TASK TO CARRY OUT -> What is needed is an exact copy of the lines from the line holding "Ten piękny zestaw" through the end of the material, with no other lines and no pictures.

DATA EXCERPT ->
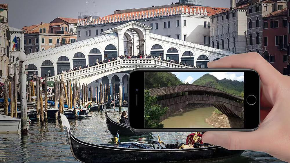 在中国馆的四人联展上,我们看到了一个略显古怪的混合叙事。一方面,中国馆想以拥抱科技的方式来体现中国之“睿”:就界面文化记者的观察,中国馆是本届威尼斯双年展中罕见地大量使用二维码、邀请观众通过手机与场馆和作品互动的国家馆。艺术家费俊制作了的一款题为《睿·寻》的增强现实APP,邀请观众当场扫码下载,随后,当观众打开APP,将手机镜头对准威尼斯的桥,手机屏幕中就会出现一座中国的桥。艺术家或许是想用这种方式来致敬中意文化交流,然而这个概念略显老套——早在1995年,蔡国强就在威尼斯双年展上施展过类似的创意,且更为巧妙大胆:他将一艘中国古代商船带到了威尼斯,同时运去了100多公斤的人参,把中药放在自动售货机里贩卖。同样是讲述中意文化交流的故事,蔡国强在那件题为《马可·波罗遗忘的东西》的作品中展现了更为丰富的层次和意味。
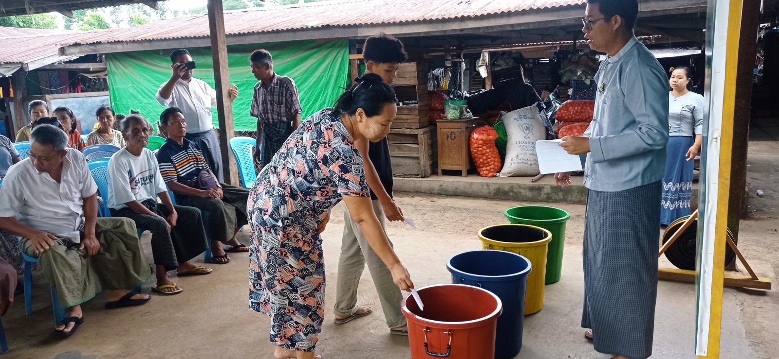 ဆက်လက်၍ ခရိုင်ပတ်ဝန်းကျင်ထိန်းသိမ်းရေးဦးစီးဌာနမှ လက်ထောက်ညွှန်ကြားရေးမှူးက အမှိုက်အမျိုးအစားခွဲခြားခြင်း၊ အမှိုက်စို(Wet Waste)အတွက် အမှိုက်ပုံးအစိမ်းရောင်၊ အမှိုက်ခြောက်(Dry Waste)အတွက် အမှိုက်ပုံး အဝါရောင်၊ ပလတ်စတစ်အမှိုက်(Plastic Waste)အတွက် အမှိုက်ပုံး အပြာရောင်၊ ဘေးအန္တရာယ်ရှိအမှိုက်(Hazardous Waste)အတွက် အမှိုက်ပုံး အနီရောင်တို့ကို သတ်မှတ်ပေးပြီး တက်ရောက်လာကြသော ဈေးသူ၊ ဈေးသားများနှင့် စည်ပင်သာယာရေးဝန်ထမ်းများက အမှိုက်ခွဲခြားစွန့်ပစ်ခြင်းနှင့် လက်တွေ့သရုပ်ပြသခြင်းကို ပြုလုပ်ဆောင်ခဲ့ကြကြောင်း သိရသည်။
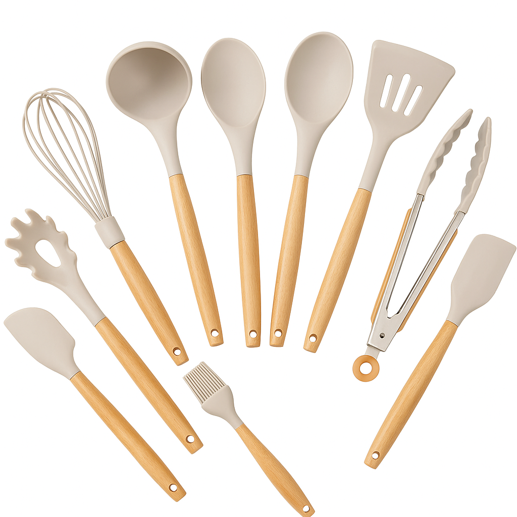 Ten piękny zestaw silikonowych narzędzi kuchennych łączy w sobie styl i funkcjonalność – idealny do każdej nowoczesnej kuchni.
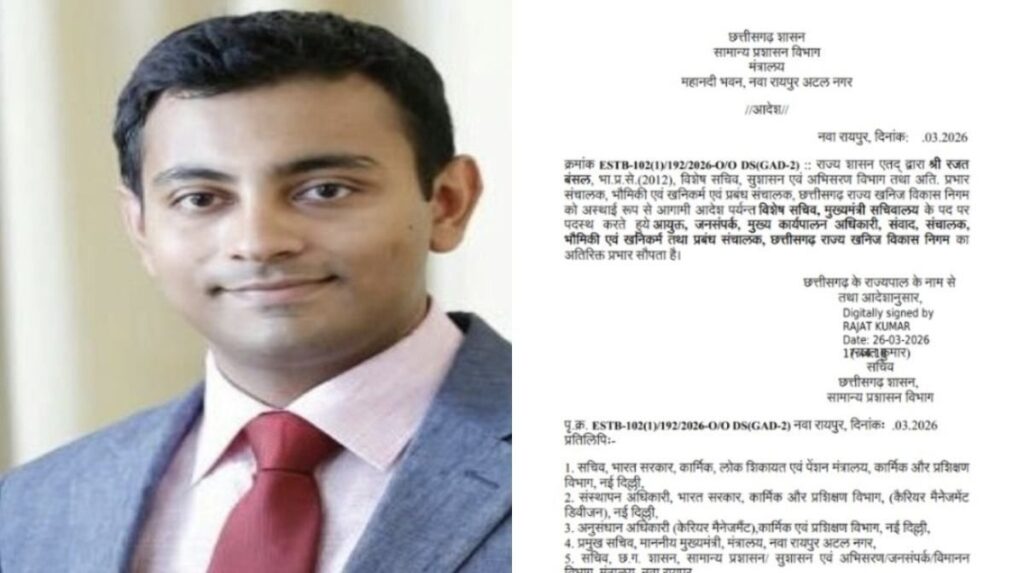 रायपुर। छत्तीसगढ़ की विष्णु देव साय सरकार ने प्रशासनिक स्तर पर एक बड़ा और महत्वपूर्ण निर्णय लिया है। 2012 बैच के वरिष्ठ आईएएस (IAS) अधिकारी रजत बंसल को मुख्यमंत्री सचिवालय में विशेष सचिव (Special Secretary) के पद पर तैनात किया गया है। राज्य शासन द्वारा गुरुवार, 26 मार्च को जारी इस आदेश को सत्ता के गलियारों में बेहद अहम माना जा रहा है।

ANSWER SECTION ->
 Ten piękny zestaw silikonowych narzędzi kuchennych łączy w sobie styl i funkcjonalność – idealny do każdej nowoczesnej kuchni.
 रायपुर। छत्तीसगढ़ की विष्णु देव साय सरकार ने प्रशासनिक स्तर पर एक बड़ा और महत्वपूर्ण निर्णय लिया है। 2012 बैच के वरिष्ठ आईएएस (IAS) अधिकारी रजत बंसल को मुख्यमंत्री सचिवालय में विशेष सचिव (Special Secretary) के पद पर तैनात किया गया है। राज्य शासन द्वारा गुरुवार, 26 मार्च को जारी इस आदेश को सत्ता के गलियारों में बेहद अहम माना जा रहा है।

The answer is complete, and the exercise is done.